• Task instructions:
Nothing but an exact copy is asked for: the lines in the material below from the one with "In the work" through the one with "Botas de agua para", pictures excluded.

☆ ☆ ☆ ☆

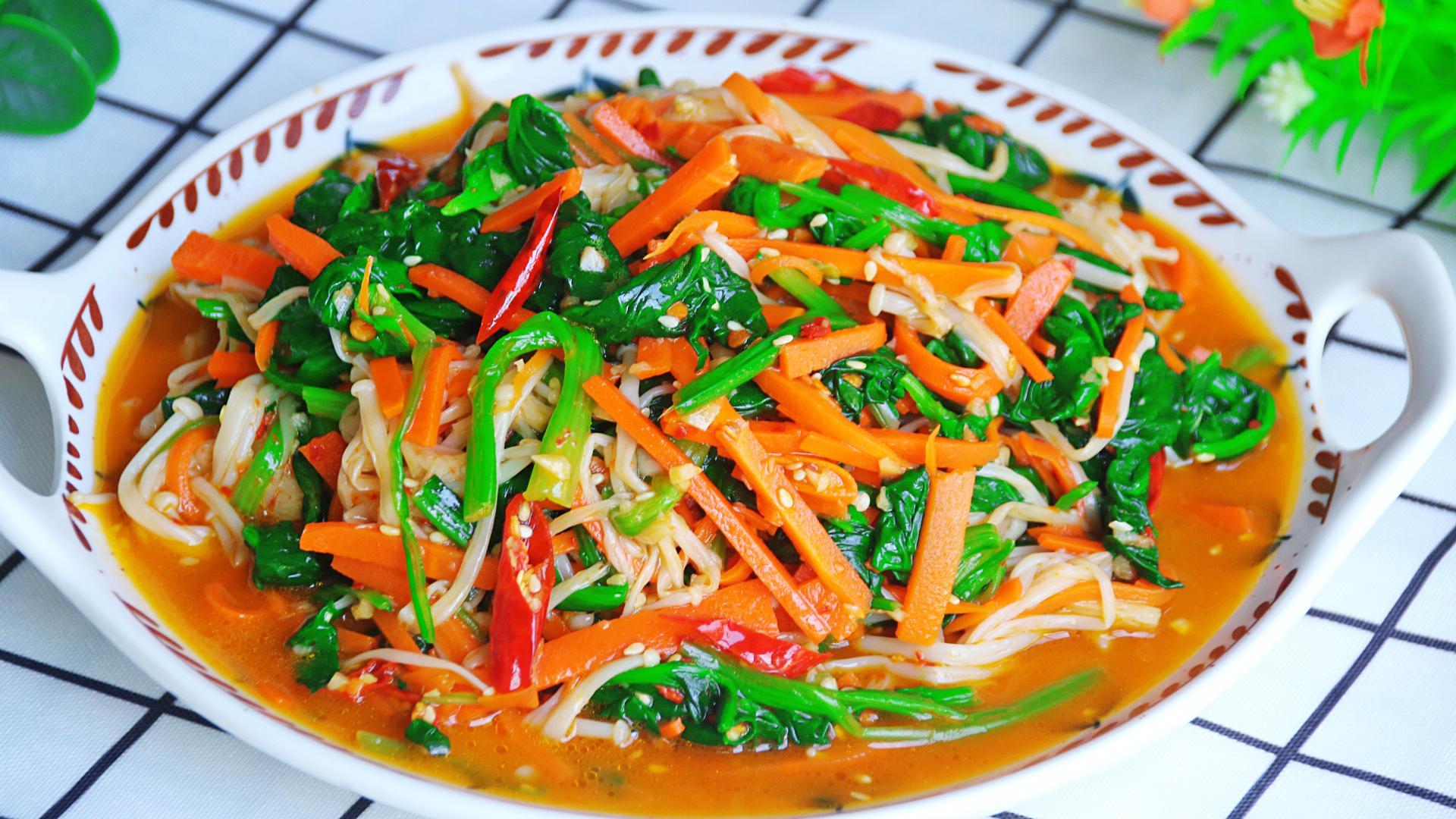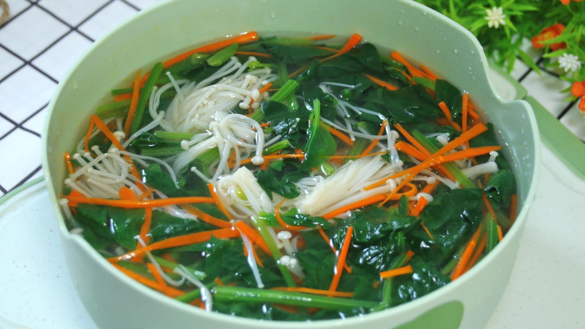 這樣做的菠菜拌金針菇,下酒又下飯,喫起來酸辣可口,清爽解膩,關鍵還不怕胖,天熱沒胃口可以安排起來哦;
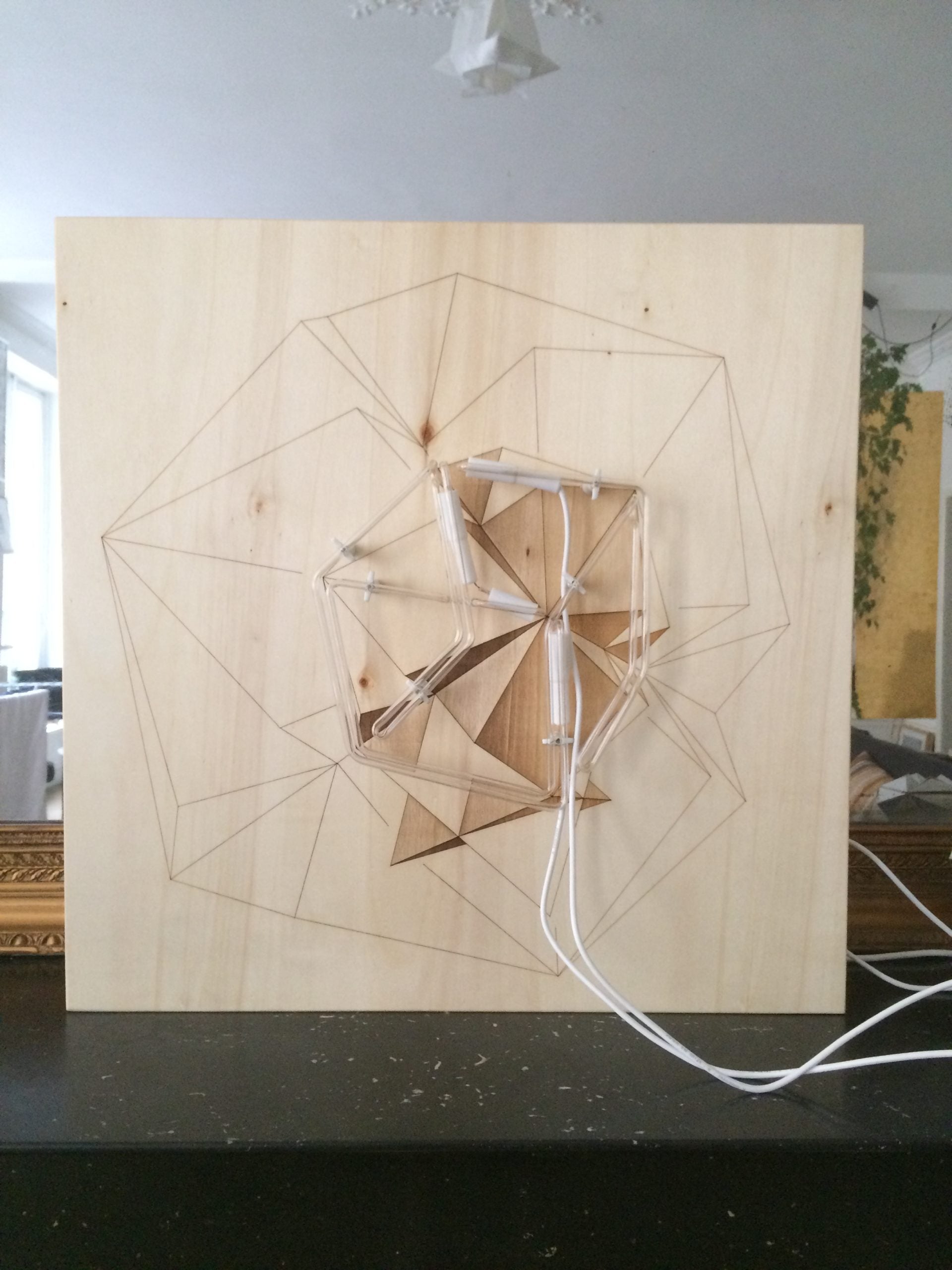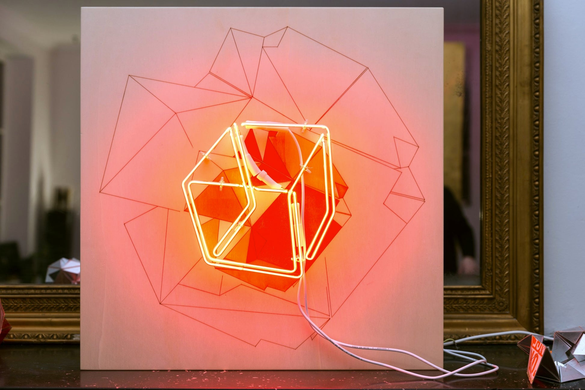 In the work CUBO DI GABO, Gabriele Dal Dosso approaches various materials such as wood, volcanic stone from Vesuvius, Carraramarble and neon tubes, to concretize a 2D transposition of his works. At the same time, he looks to 3D printing as a sculpture, a perfect reproduction of his studies in a limited editions.
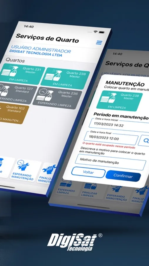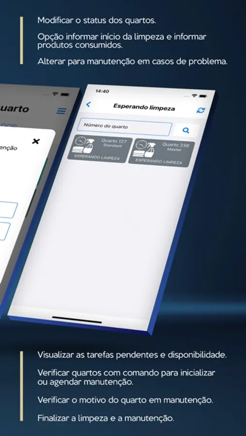 Já os técnicos podem verificar os quartos que precisam de manutenção, iniciando e finalizando os serviços necessários.
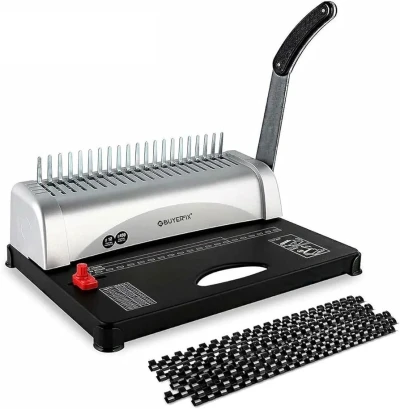 🔹 Machine à relier S100 ✅ Type : Machine à reliure plastique avec anneaux plastiques (Comb Binding). ✅ Mécanisme : Une poignée supérieure unique combinant perforation et reliure.
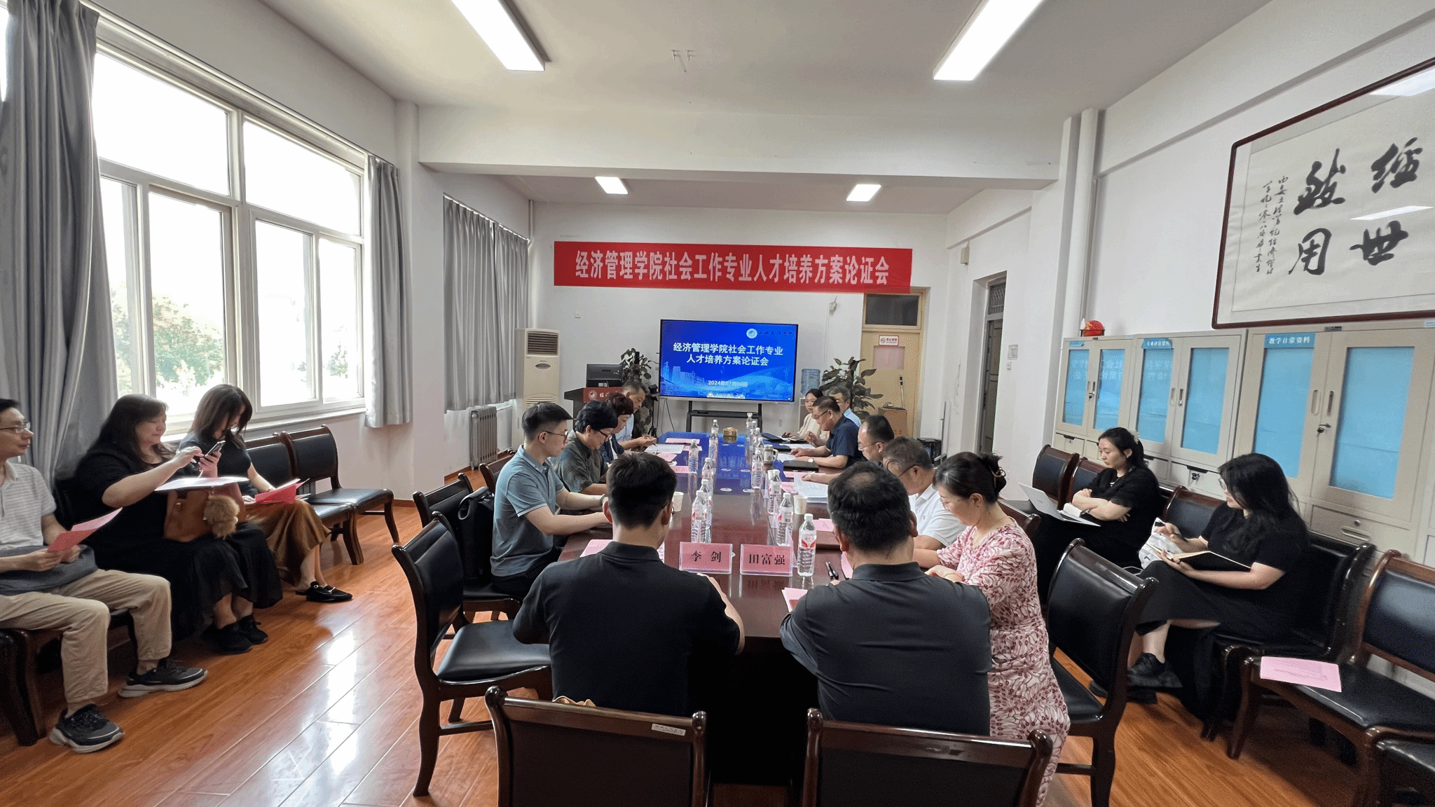 7月4日下午,经济管理学院召开社会工作专业人才培养方案论证会。特邀中国社会工作教育协会副秘书长、陕西省社会工作协会会长、西北大学慈善研究院副院长刘莹教授;长春理工大学社会工作国家一流专业负责人、硕士生导师杜实博士;西安市委社会工作部六处处长马蓉、干部李磊、李剑到会指导。教务处副处长付洪冰博士,经济管理学院院长闫荣国教授、党总支副书记朱芳芳、副院长兼社会工作专业负责人贺志武副教授以及社会工作专业教师等17人参加。今年会校务委员徐东升出席。
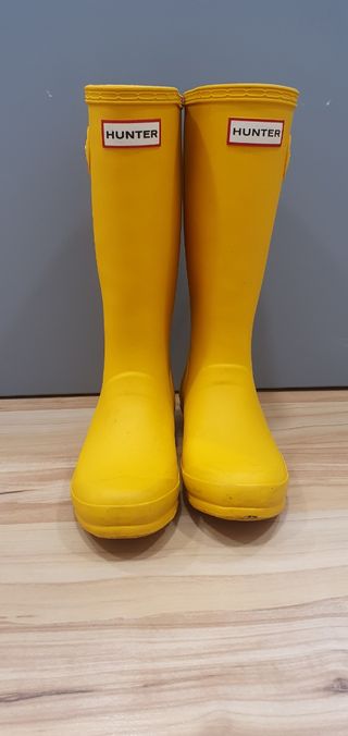 Botas de agua para niñ@s de la marca Hunter. - Color amarillo. - Diseño clásico de botas de agua. - Ideales para días lluviosos. - Talla 26. - Hunter originales con su caja.
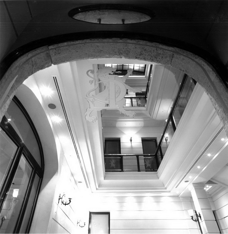 Réhabilitation du siège du Crédit Lyonnais à Budapest : accueil, circulations, salle des coffres, salle de conférence.
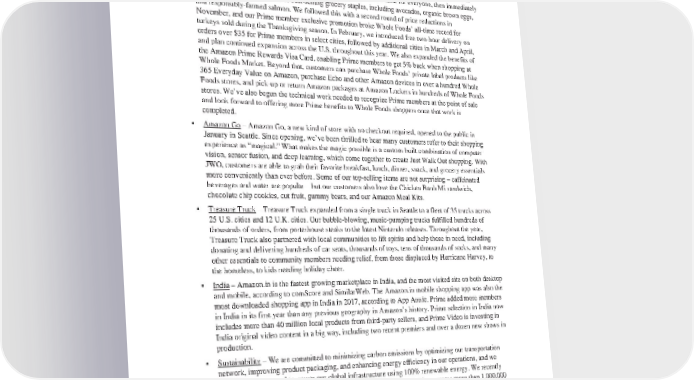 Core10. We’re also continuing to enable thousands of designers and artists to offer their exclusive designs and prints on demand through Merch by Amazon. We finished 2017 with the launch of our interactive shopping experience with Calvin Klein, including pop-up shops, on-site product customization, and fitting rooms with Alexa-controlled lighting, music, and more. • WholeFoods–Whenweclosedouracquisition ofWholeFoodsMarketlast year, weannounced our commitment to making high-quality, natural and organic food available for everyone, then immediately lowered prices on a selection of best-selling grocery staples, including avocados, organic brown eggs, and responsibly-farmed salmon. We followed this with a second round of price reductions in November, and our Prime member exclusive promotion broke Whole Foods’ all-time record for turkeys sold during the Thanksgiving season. In February, we introduced free two-hour delivery on orders over $35 for Prime members in select cities, followed by additional cities in March and April, and plan continued expansion across the U.S. throughout this year. We also expanded the benefits of the Amazon Prime Rewards Visa Card, enabling Prime members to get 5% back when shopping at WholeFoodsMarket.Beyondthat, customers can purchase Whole Foods’ private label products like 365 Everyday Value on Amazon, purchase Echo and other Amazon devices in over a hundred Whole Foods stores, and pick-up or return Amazon packages at Amazon Lockers in hundreds of Whole Foods stores. We’ve also begun the technical work needed to recognize Prime members at the point of sale and look forward to offering more Prime benefits to Whole Foods shoppers once that work is completed. • AmazonGo–AmazonGo,anewkindofstorewithnocheckoutrequired,openedtothepublicin January in Seattle. Since opening, we’ve been thrilled to hear many customers refer to their shopping experience as “magical.” What makes the magic possible is a custom-built combination of computer vision, sensor fusion, and deep learning, which come together to create Just Walk Out shopping. With JWO,customers are able to grab their favorite breakfast, lunch, dinner, snack, and grocery essentials moreconveniently than ever before. Some of our top-selling items are not surprising – caffeinated beverages and water are popular – but our customers also love the Chicken Banh Mi sandwich, chocolate chip cookies, cut fruit, gummy bears, and our Amazon Meal Kits. • Treasure Truck – Treasure Truck expanded from a single truck in Seattle to a fleet of 35 trucks across 25 U.S. cities and 12 U.K. cities. Our bubble-blowing, music-pumping trucks fulfilled hundreds of thousands of orders, from porterhouse steaks to the latest Nintendo releases. Throughout the year, Treasure Truck also partnered with local communities to lift spirits and help those in need, including donating and delivering hundreds of car seats, thousands of toys, tens of thousands of socks, and many other essentials to community members needing relief, from those displaced by Hurricane Harvey, to the homeless, to kids needing holiday cheer. • India – Amazon.in is the fastest growing marketplace in India, and the most visited site on both desktop and mobile, according to comScore and SimilarWeb. The Amazon.in mobile shopping app was also the most downloaded shopping app in India in 2017, according to App Annie. Prime added more members in India in its first year than any previous geography in Amazon’s history. Prime selection in India now includes more than 40 million local products from third-party sellers, and Prime Video is investing in India original video content in a big way, including two recent premiers and over a dozen new shows in production. • Sustainability – We are committed to minimizing carbon emissions by optimizing our transportation network, improving product packaging, and enhancing energy efficiency in our operations, and we have a long-term goal to power our global infrastructure using 100% renewable energy. We recently launched Amazon Wind Farm Texas, our largest wind farm yet, which generates more than 1,000,000 megawatt hours of clean energy annually from over 100 turbines. We have plans to host solar energy systems at 50 fulfillment centers by 2020, and have launched 24 wind and solar projects across the U.S. with more than 29 additional projects to come. Together, Amazon’s renewable energy projects now produce enough clean energy to power over 330,000 homes annually. In 2017 we celebrated the 10-year anniversary of Frustration-Free Packaging, the first of a suite of sustainable packaging initiatives that have eliminated more than 244,000 tons of packaging materials over the past 10 years. In addition, in 2017 alone our programs significantly reduced packaging waste, eliminating the
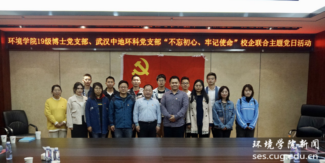 (通讯员王碧、韩鹏 摄影韩鹏 编辑 耿婧)10月25日下午,我院2019级博士党支部党员代表走进武汉中地环科集团有限公司,与中地环科水工环科技咨询有限责任公司党支部共同开展“不忘初心、牢记使命”校企联合主题党日活动。学院党委副书记姜明敏,优秀校友、武汉中地环科集团有限公司总经理金晓文参加活动。

☆ ☆ ☆ ☆

• Solution to this task:
 In the work CUBO DI GABO, Gabriele Dal Dosso approaches various materials such as wood, volcanic stone from Vesuvius, Carraramarble and neon tubes, to concretize a 2D transposition of his works. At the same time, he looks to 3D printing as a sculpture, a perfect reproduction of his studies in a limited editions.
 Já os técnicos podem verificar os quartos que precisam de manutenção, iniciando e finalizando os serviços necessários.
 🔹 Machine à relier S100 ✅ Type : Machine à reliure plastique avec anneaux plastiques (Comb Binding). ✅ Mécanisme : Une poignée supérieure unique combinant perforation et reliure.
 7月4日下午,经济管理学院召开社会工作专业人才培养方案论证会。特邀中国社会工作教育协会副秘书长、陕西省社会工作协会会长、西北大学慈善研究院副院长刘莹教授;长春理工大学社会工作国家一流专业负责人、硕士生导师杜实博士;西安市委社会工作部六处处长马蓉、干部李磊、李剑到会指导。教务处副处长付洪冰博士,经济管理学院院长闫荣国教授、党总支副书记朱芳芳、副院长兼社会工作专业负责人贺志武副教授以及社会工作专业教师等17人参加。今年会校务委员徐东升出席。
 Botas de agua para niñ@s de la marca Hunter. - Color amarillo. - Diseño clásico de botas de agua. - Ideales para días lluviosos. - Talla 26. - Hunter originales con su caja.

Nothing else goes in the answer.